ISCHIA E I MALTI PER LA BIRRA

Categoria: Articoli in prima Pagina Scritto da Rosa Regine / November 18, 2019

Amanti della birra? Astemi ma curiosi? Oggi vi raccontiamo l’esperienza di alcuni ragazzi che hanno deciso di trasformare la passione per questa bevanda in un lavoro. O quasi. Abbiamo intervistato uno dei “Malti per la birra”.

D. Ciao Giovan Giuseppe, svelaci quando è nato il concept di Malti per la birra.

R. L’idea di sviluppare un sito è nata dalla passione del sottoscritto (e di altri due amici, suoi ex coinquilini nella Capitale) per il movimento legato alla birra artigianale in Italia che, seppur lentamente e tra tante difficoltà, sta incontrando il favore del pubblico con una diffusione a macchia d’olio.

Abbiamo iniziato anche noi col ricercare un qualcosa di nuovo in una città, qual è Roma, che si è aperta più di altre a questa realtà. Non eravamo consapevoli di esserci inseriti in una macchina mossa da logiche molto complesse e difficili da comprendere.

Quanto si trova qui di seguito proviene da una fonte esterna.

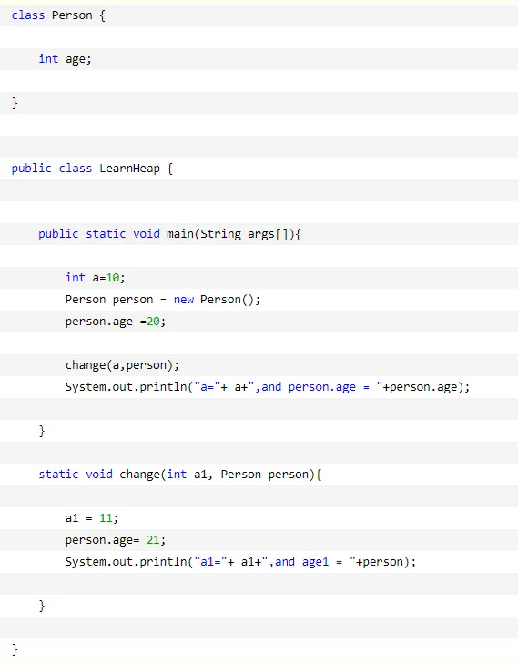 第4步 —— change()执行完毕,变量a立即释放,空间消失。但是main()函数空间仍存在,main中的变量a仍然存在,不受影响。而person在堆中对应的地址,所指的age已经赋值=21。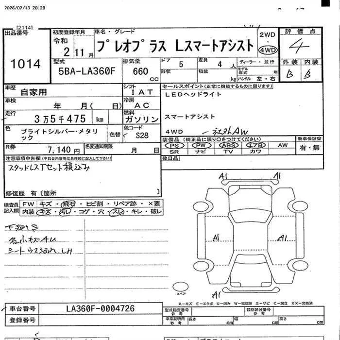 Subaru PLEO PLUS с аукциона Японии JU Nagano лот № 1014

In Italia ci sono oltre 1.200 brand/marchi cui non corrispondono, nei fatti, necessariamente prodotti qualitativamente apprezzabili ma, al contrario, l’artigianalità ha reso la birra che ne deriva come un prodotto elitario, di nicchia (per via dei costi altissimi) e non sempre apprezzabile. Tra un gelato artigianale molto scadente proposto al pubblico per raggiungere un obiettivo meramente economico ed un comunissimo prodotto industriale preferirei di gran lunga il secondo. Allo stesso modo, traslando questo esempio ed applicandolo al mondo della birra, opterei per una birra industriale fatta con determinati crismi (vedi le birre belghe da 8-9 euro al litro) piuttosto che provare qualcosa di nuovo.

Tutto questo porta le persone ad un rapido sillogismo: la birra artigianale di Tizio fa schifo; tutte le birre artigianali fanno schifo e costano tanto; conclusione: mai più birre artigianali. Eppure parliamo di 10.000 etichette diverse.   

D. Da chi è composta la squadra dei Malti? Siete solo amatori o c’è qualche professionista tra voi?

R. Siamo tre ragazzi di cui io, con i miei 31 anni, sono il più giovane (e questo la dice lunga sull’appropriatezza del termine ragazzi per descrivere le nostre persone). I miei colleghi sono Donato Migliore e Pietro Deison che, in verità, non ha mai partecipato in maniera particolarmente attiva.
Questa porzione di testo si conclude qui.